At the Grammys, Afanasieff met Horner for the first time, even though both men are credited as producers on the song's blockbuster radio version. Afanasieff was miffed about sharing credit since, in his mind, he’d remade the track completely by himself. “I don’t wish to speak ill of someone who passed away,” Afanasieff told Billboard, nearly two years after Horner’s untimely death, “but that was a very hard pill to swallow.”

The Song Will Go On

In the decades since, Dion has continued blowing minds and making audiences weep with her live renditions of “My Heart Will Go On.” In 2017, she marked the song’s 20th anniversary with a performance at the Billboard Music Awards. The song took on added significance shortly before her husband’s death in January 2019 after a long battle with cancer. As he lay in bed, nearing the end of his life, Angélil reportedly longed to see Dion sing the Titanic song from the stage of her Las Vegas residency. Dion live-streamed the show to his room. “It wasn’t therapeutic for me,” she said. “It was therapeutic for René.”

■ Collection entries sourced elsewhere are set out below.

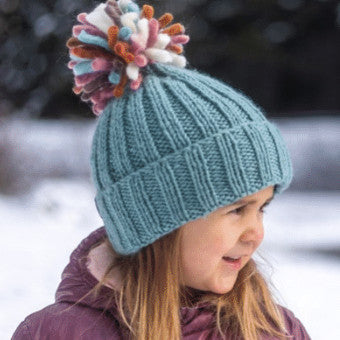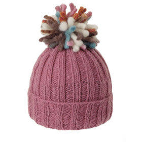 Solid colour ribbed design toque with large tie dye pompom. 100% wool with sewn-in polyester fleece lined headband.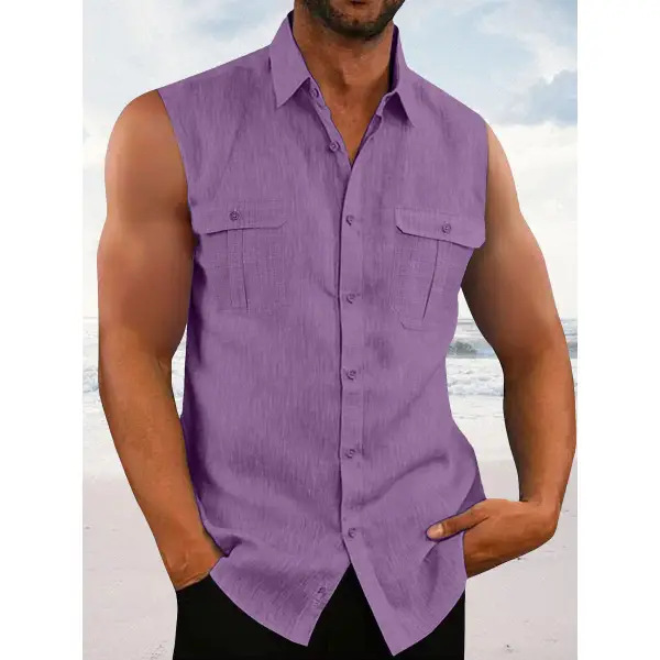 유럽과 미국의 국경 남성 면화와 린넨 단색 면화와 린넨 민소매 셔츠 2024 남성 패션 단순 멀티 컬러 워시 코튼 셔츠스토어 가기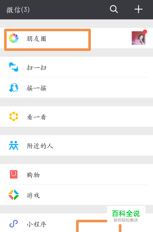 正常情况下,点击页面右上角的小相机标志发朋友圈。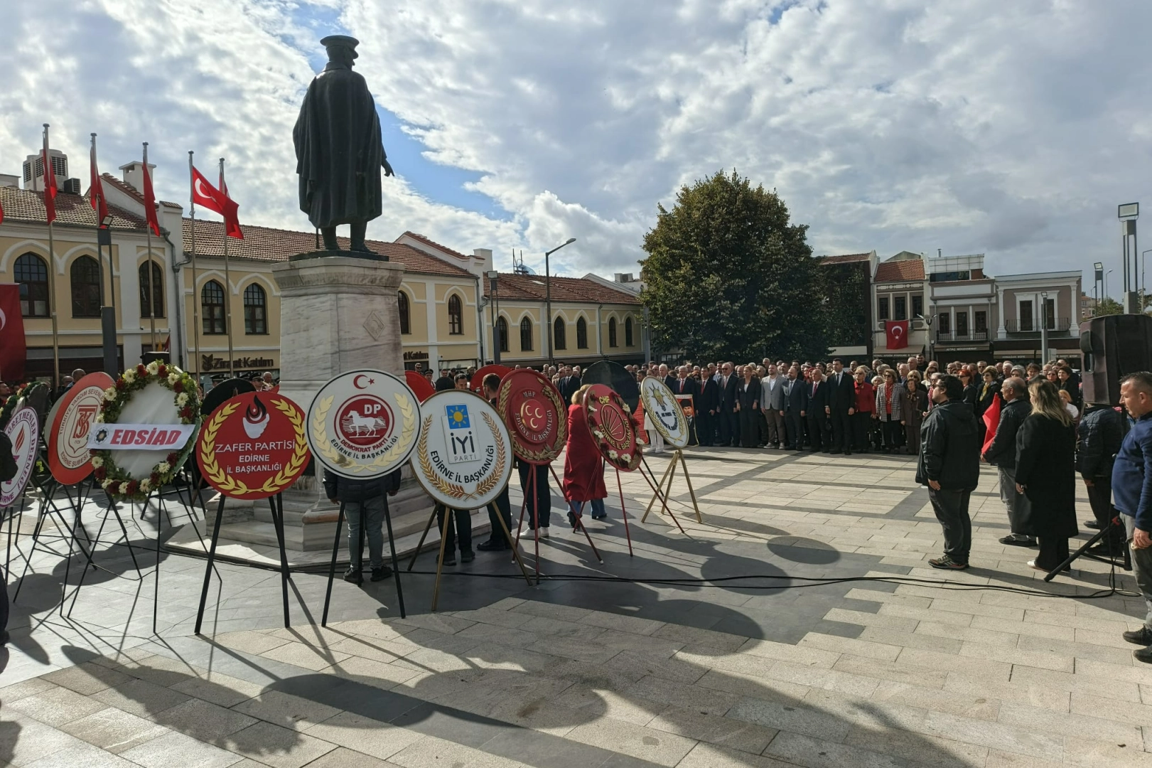 CHP Edirne İl Örgütü ile sivil toplum örgütlerinin çelenklerinin Atatürk anıtına sunulması ile başlayan tören, Türkiye Cumhuriyeti’nin kurucusu Mustafa Kemal Atatürk, silah arkadaşları ve tüm şehitler anısına 1 dakikalık saygı duruşu ve İstiklal Marşı’nın okunması ile devam etti. Törende, CHP Edirne İl Başkanı Yücel Balkanlı, günün anlam ve önemini belirten konuşmayı yaptı.

As expected, YouTube is brimming with “My Heart Will Go On” covers—the most spectacular of which might be 9-year-old Celine Tam’s showstopping rendition on America’s Got Talent in 2017. YouTube is also a good place to find a supercut of sports highlights set to the part in the song where Celine changes key for the final chest-beating chorus. 

The song’s legacy even extends to the suburbs of Auckland, New Zealand, where Pasifika youth in the “siren kings” subculture have taken to blasting “My Heart Will Go On” during battles to see who has the loudest, clearest homemade loudspeaker system. The song is perfectly suited to these sonic skirmishes because of its crisp, pure sound. It rings out near, far, wherever you are.